Barre: We’re hugely excited to be a title on Game Pass. We have a really amazing fanbase. The opportunity to be on Game Pass gives us a chance to have an even bigger audience, potentially, that plays our game. On top of that it’s going to be–even if you’re not on Game Pass, if you’re on PC or Steam or Epic or whatever you can cross-play. Everybody can play together.

GamesBeat: What kind of narrative can people expect? Do you have a lot of twists in mind for players?

Barre: The storytelling in this game is a bit different from some of our other games. In those games, typically we just had one protagonist, whether it was Corvo or Morgan in Prey. As a result, the story could be very focused on them. It could be about that person’s journey. This time we decided to focus more on the setting and the vampires, since there are four heroes to play as.

However, it is very true to Arkane in the sense that a lot of the story is actually embedded in the things you discover in the world. Environmental storytelling scenes, spying on people and overhearing their conversations, or just exploring the environment. A lot of the story comes through that. That part is still very much like an Arkane game.

Redfall
A big open world makes Redfall distinct from Left4Dead.

GamesBeat: Is there a way you can avoid it being too familiar to people who’ve played games like, say, Left 4 Dead?
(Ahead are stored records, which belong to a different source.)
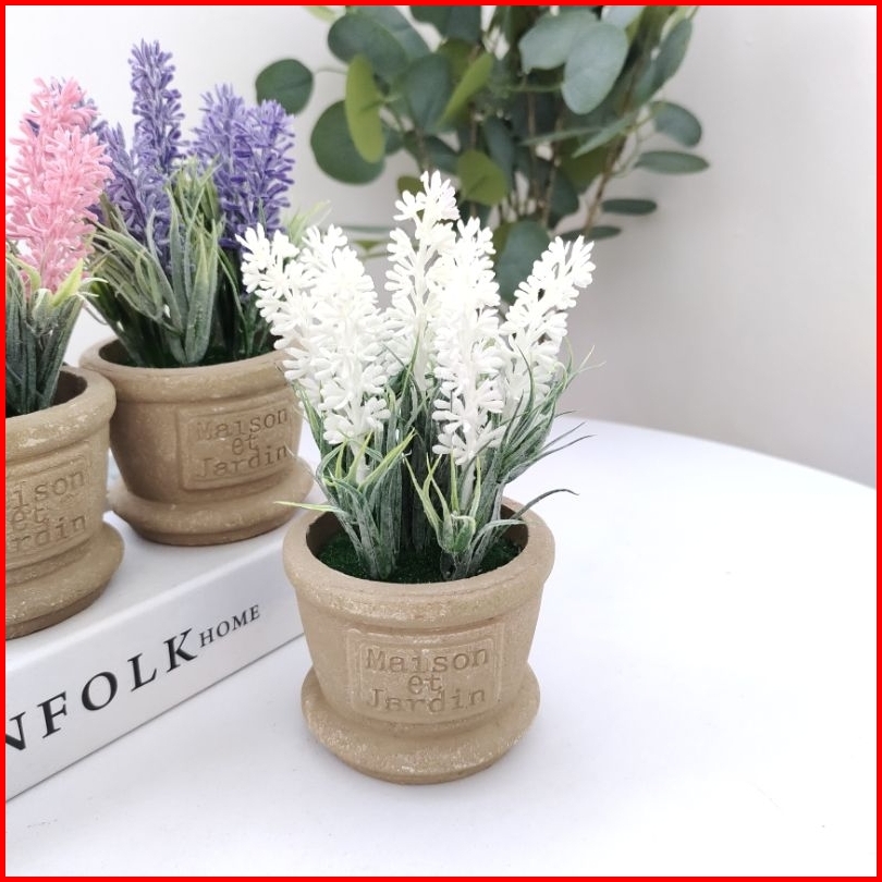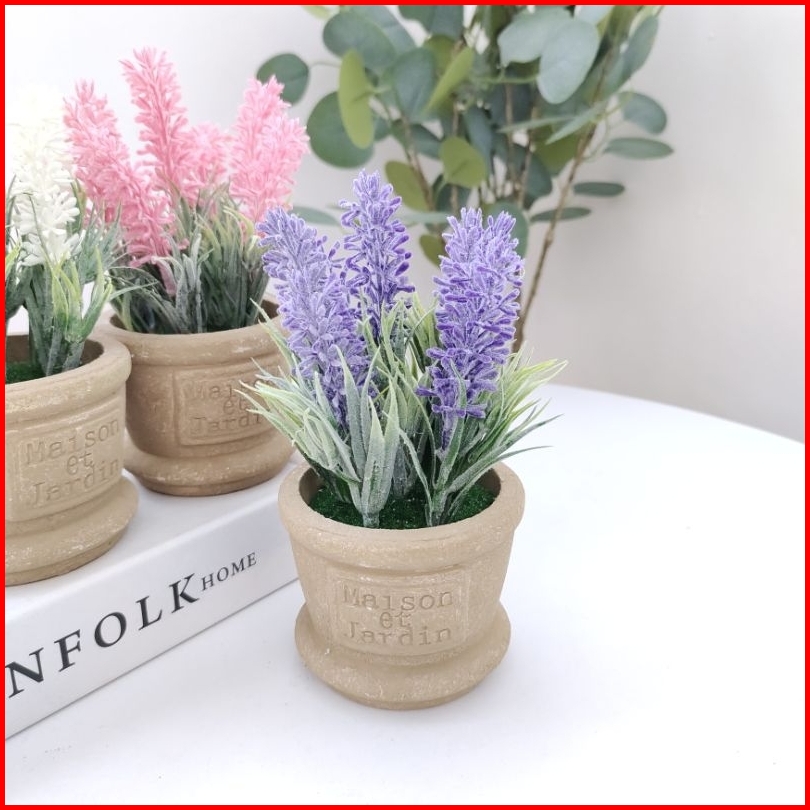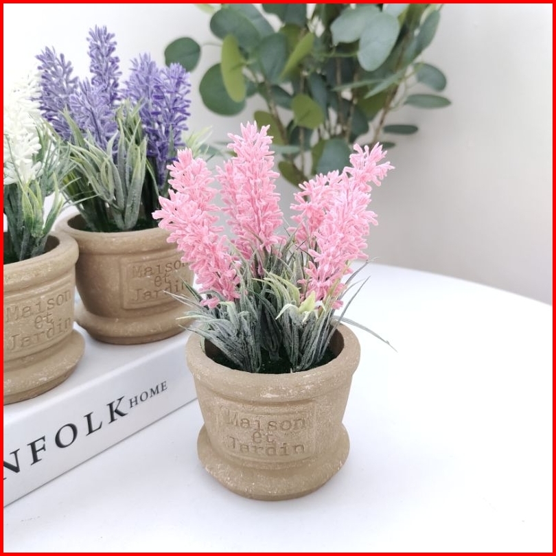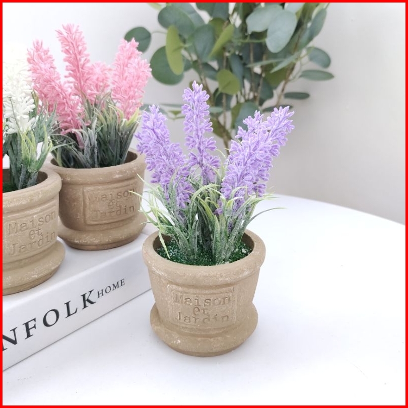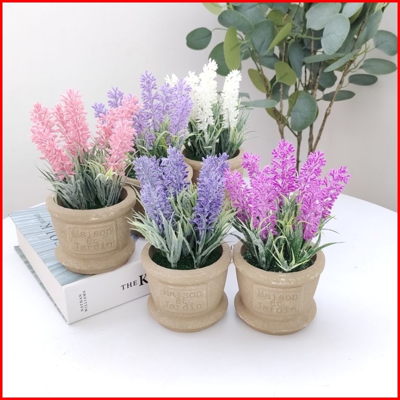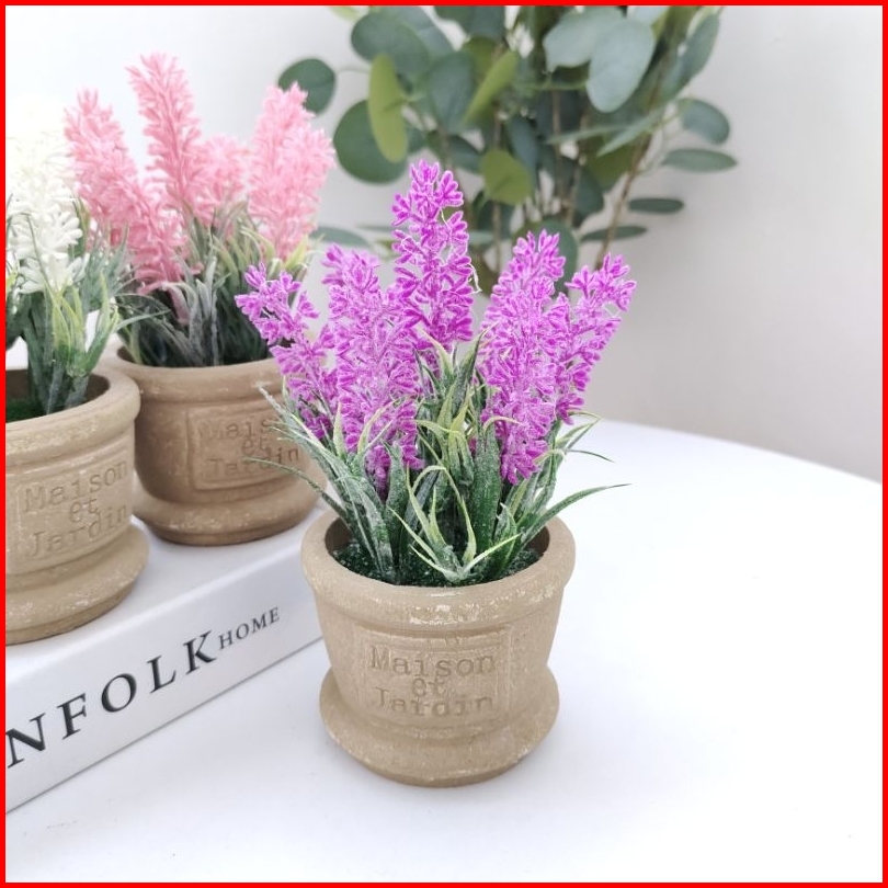 Bunga Artificial Lavender Mini Artificial Pot Vas Pulp Coklat Bunga Palsu Plastik Hias Pajangan Dekorasi Properti Foto G
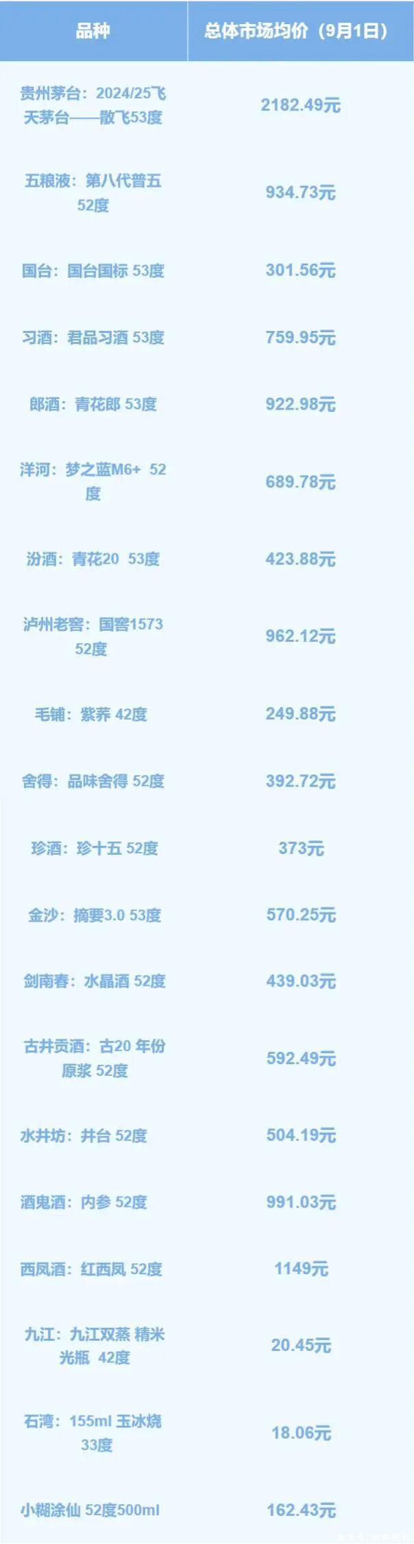 其中,飞天茅台本期的均价约为2106元,比上期减少约28元;第八代五粮液的均价约为921元,比上期减少约23元;国窖1573、君品习酒的均价比上期分别下降4元、29元。 其他千元价格带产品的均价有所上涨,青花郎、酒鬼酒内参、红西凤本期的均价分别上涨17元、44元、25元。
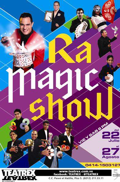 El Ra Magic Show se realizará desde el 22 de Julio hasta el 27 de Agosto, los días Viernes y Sábado, en TEATREX (Centro Comercial Paseo El Hatillo, piso 5) a las 6 pm. Las entradas están a la venta a través de la página web www.teatrex.com.ve y en las taquillas del teatro.
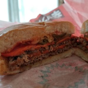 去年に引き続きまずこのチーズの色に驚きましたね。ピントが肉に当たってしまいちょいとボケてますがこのおどろおどろしい赤さは充分感じていただけるかと思います。
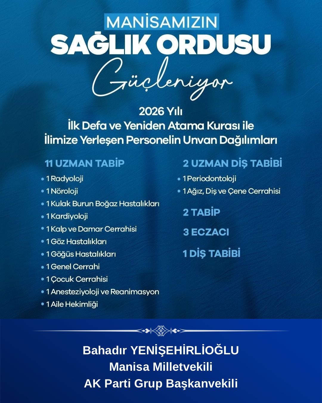 Yenişehirlioğlu yaptığı açıklamada, Manisa’nın sağlık altyapısını güçlendirmeye yönelik çalışmaların kararlılıkla sürdüğünü belirterek, “İlimize kazandırılan yeni sağlık personellerimizle hemşehrilerimize daha güçlü ve daha kaliteli sağlık hizmeti sunma yolunda önemli bir adım daha atmış bulunuyoruz” ifadelerini kullandı.
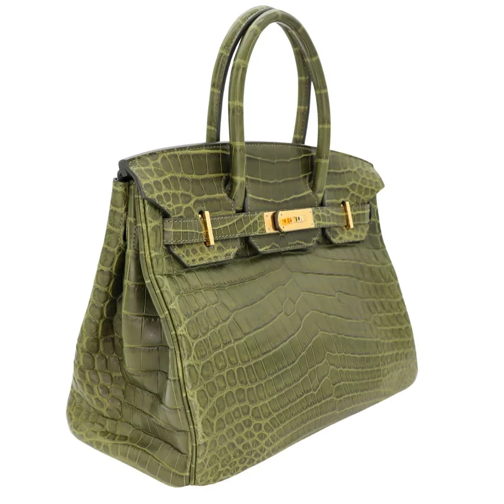 This Hermès inspired Birkin 30 glows in Canopee matte Niloticus crocodile leather, a muted sage green hue. Gold hardware adds warmth to the earthy 30cm silhouette. Matte crocodile stays fingerprint resistant and durable. Roomy enough for work essentials or weekend adventures. Pair with neutrals or autumnal tones for harmony. Lightweight and timeless for everyday sophistication. Nature inspired luxury at its finest.

Barre: Looking at the poster and the four heroes, I think people get that impression. But actually playing the game, it’s nothing like it at all. It’s an open-world game. There’s no loading into a mission or whatever. You just run out into the world and explore and play.

GamesBeat: How does working with the whole team balance with that?

Barre: Like I said before, we wanted you to be able to play co-op if you wanted to. If you play co-op, it’s not a special mode. It’s not different content. It’s literally the same content. It’s just that your friend is in the game with you now. We don’t force you to stick together. You can run around anywhere you want on the map. However, if you do that, you’re taking your life in your hands. The game will scale in difficulty to account for the fact that there are two or three or four players in the world. Sticking together is a better strategy.

We have this cool system where if you play co-op, you can see – it’s called the trust system. It has two sides to it. It has a story side, where as you play the game, the more the characters hang out together, they’ll start to know each other better. When there’s a quiet moment they’ll have a little conversation. That’s fun. But then there’s also a gameplay side to it. The more trust you build, there’s a team buff, basically. If you’re close to each other you get these bonuses, but if you separate, you lose them.

GamesBeat: How far did you go with the Salem location? Are the area and the history important in a lot of ways?

Barre: Oh, yeah. We invented Redfall from the ground up. It’s an invented island off the coast of Massachusetts. But it’s very much inspired by that region. You have the beautiful fall trees. You have the rowhouses and the gas stations and the kind of stores that you find up there. It all has a very spooky, Halloween vibe to it, though.

Redfall
Redfall pits vampires against heavy weapons.

GamesBeat: How long do you expect the game to take for people?

Barre: It’s always hard to answer that question, because it depends a lot on how you play the game. Are you the kind of player who likes to collect everything, or do you like to race through the main story? I’ve spent anywhere from – I’ve beaten it in 16-20 hours, but I’ve also spent 40 hours playing very thoroughly. It just depends. But also, since we have four heroes, you can start over with the same hero on higher difficulty and have access to all your powers. Or you can start with a new hero. Since every hero has their own unique set of powers, that changes the way the game feels.